Las distintas dolencias según su tipo y según procedencia, las podemos clasificar de la siguiente manera:
El “accidente de trabajo” es generalmente un hecho traumático violento ocurrido por el hecho o en ocasión del trabajo, o por caso fortuito o fuerza mayor inherente al trabajo.
El “accidente in itinere” es aquel que se genera entre el trayecto del trabajo al domicilio del trabajador o viceversa, siempre que el recorrido no haya sido interrumpido en interés particular del trabajador y o por cualquier razón extraña al trabajo.
Las “enfermedades accidentes”, las podríamos denominar de la siguiente manera: son aquellas dolencias que se generan en el trabajador y que tienen una causa preexistente o predisponente en el mismo desde su nacimiento (es decir, causa ajena a la actividad laboral), pero que tienen como detonante una concausa laboral (es decir, una causa que nace de la actividad laboral que está desempeñando) que actúa como un factor acelerante o desencadenante de la enfermedad, el caso típico de estas dolencias son las hernias.

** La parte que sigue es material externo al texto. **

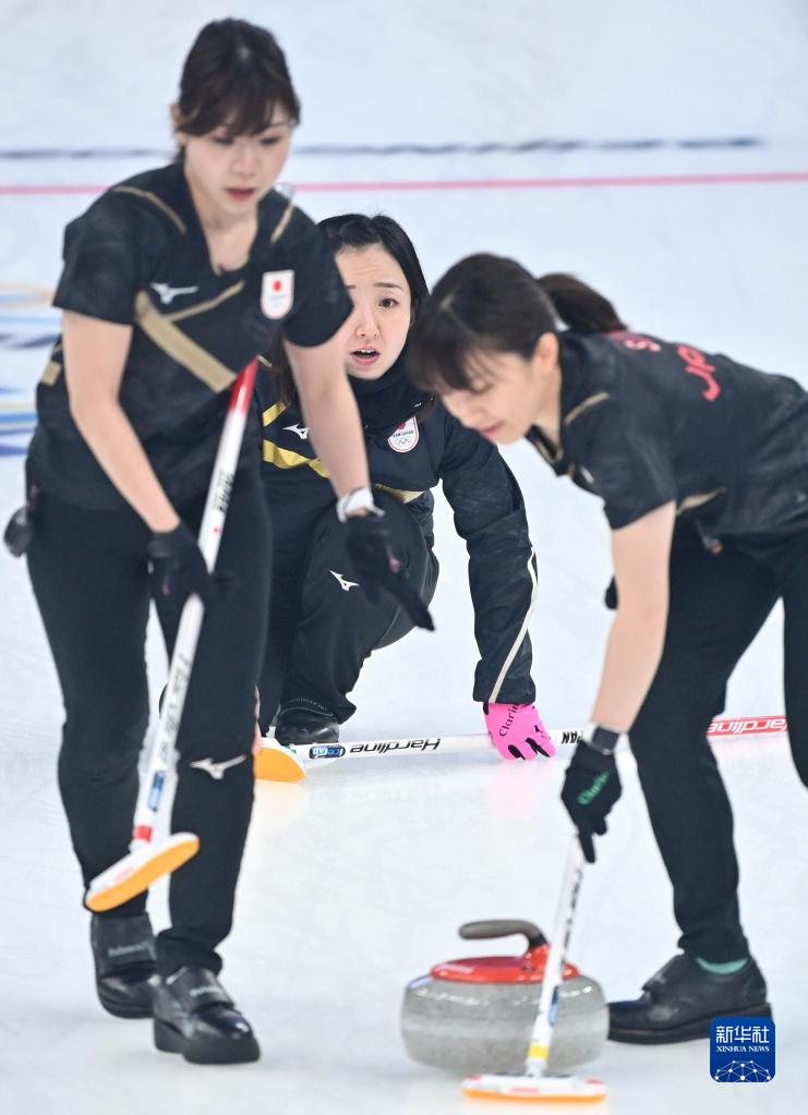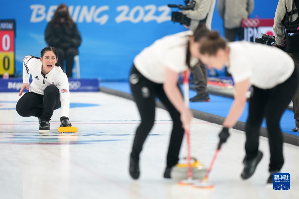 当日,在北京国家游泳中心“冰立方”举行的北京2022年冬奥会女子冰壶金牌赛中,日本队对阵英国队。

Las “enfermedades profesionales” son aquellas contraídas por el trabajador en el ejercicio de su labor, y que se generan como consecuencia exclusiva del trabajo realizado, es decir, enfermedades nacidas fundamentalmente de las activida-des ocupacionales del trabajador.
En el año 1915 se sancionó la ley 9688 de accidentes de trabajo, esta ley precisamente contemplaba los tipos de dolencias señalados precedentemente, y fueron sucesivamente mantenidos con algunas variantes durante reformas de las leyes 24.028 y 26.643, mantuvieron un sistema similar, hasta el año 1995 en que se sancionó la ley 24.557, la llamada Ley de Riesgos del Trabajo.
Estas leyes contemplaban una reparación tarifada del daño (estaban determinados los grados de incapacidad y montos indemnizatorios), pero el trabajador tenía la posibilidad de reclamar por el derecho común -acción civil- siempre que se demostrara que el accidente se había producido por culpa o responsabilidad del empleador o por el vicio, riesgo o peligrosidad de la cosa en que estaba trabajando, acreditados esos extremos las indemnizaciones eran manifiestamente incrementadas, aunque debemos reconocer en muchos casos de no requería una exhaustiva acreditación.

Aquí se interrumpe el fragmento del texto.